The platform under discussion processes millions of events in a short period. These events are then logged and stored in Azure Table Storage. The entire operation is managed by 32 consumers (Azure Functions) with a combined throughput of 1800 to 2000 events per second.

In a NoSQL storage system, such as Azure Table Storage, the partition key or strategy plays a major role in storage performance. This is especially true when extensive read-and-write operations are involved.

For optimal performance, we prioritized the following in our Table Storage design:

  • Load Distribution: Designing the partition key to evenly distribute the load
  • Hot Partitions: Ensuring no single partition becomes a bottleneck
  • Feed Creation Performance: Balancing the partition count to prevent any adverse effect on the feed creation system (a decoupled batch process that reads data from all the partitions and creates feeds for downstream systems)
  • Optimizing Writes: Prioritizing fast write operations without impeding the subsequent feed creation batch process
  • Traceability and Checkpoints: Ensuring partitions are easily traceable by the feed creation system batch process, allowing for proper checkpoints to mitigate the risk of data loss
  • Efficient Log Deletion: Designing logs to be short-lived and deletable after the feed creation process

As per this design, a table is automatically generated every hour with the logs for that specific hour. As events arrive across 32 Event Hub partitions, the Event Hub partition key received in the event is used as the Table Storage partition key. That is, the hourly table will have 32 partitions, and the data for that hour will be distributed across those partitions. For example, table “XXXX_Log_1000” with partition keys ranging from 0 to 31 will be created when logs are received at 10:00 UTC.
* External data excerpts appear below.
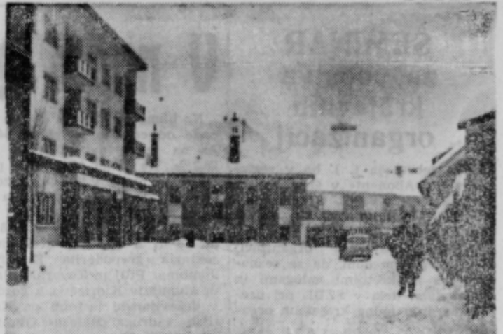
PTUJ: Trstenjakova ulica z lekarno, »Poetovio« in »Opremo«. Obrat kombinata »Slovenske gorice« z desne

*Tednik« izhaja pod tem skrajšanim imenom od 24. nov. 1961 dalje na predlog Občinskih odborov »ZDL Ptuj in Ormož« — Izdaja »Tednik« časopisno podjetje »Ptujski tisk« Ptuj — Odgovorni urednik: Anton Bauman — Uredništvo in uprava Ptuj, Lackova 8 — Telefon 156 čekovni račun pri Narodni banki Ptuj št. 604-19-1-409 — Tiska časopisno podjetje »Matičarski tisk« — Rokopisov ne vračamo — Celoletna naročnina za tuzemstvo 1000 din, za inozemstvo 1500 din.
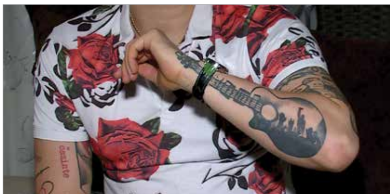
Gábor alapélménye az EDDA iránti rajongás

Vagy tudja mit, elég lenne pár őszinte szó is, mitől érzem, nem csak magamnak létezem, s nemcsak bennem van tengernyi érzélem, hanem másnak is fontos kicsit, hogy vagyok, meg, hogy holnap is leszek, óóó, de szép érzések ezek, ezekből egy egész kosárral veszek, egyszerű vacsora mellé, belőlük nagykanállal eszek. Maradj még álom, kérlek, ne küldd el a nénit, van maszk, no para és még két óra este hétig.
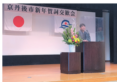
京丹後市新年賀詞交歓会
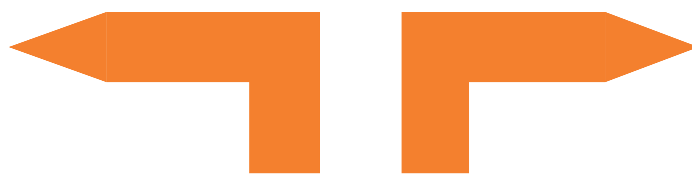
Changement de direction

The above partition strategy should be fine for most cases, but in our use case, we had to further split the partitions in such a way that each consumer will internally create a counter (which is configurable) and distribute the data further to granular partitions. We set that counter as 100 for a large tenant and ended up with 3200 partitions in that hourly table in the following format: <eventhub_partition_number>_<counter> (e.g., 0_0, 0_1,...0_99,....,1_0,1_1,...,1_99,...........31_99)

The feed creation batch process invoked every hour will read the Table corresponding to the previous hour, loop through the partitions as the partition keys are predictable, create the feed file, and then invoke another process to delete the entire table. 

Why an hourly table? Why not a single table with an hourly partition?

When everything is handled in the same table, it results in a resource-intensive batch delete operation—something we wanted to avoid. An hourly table makes deletion more straightforward.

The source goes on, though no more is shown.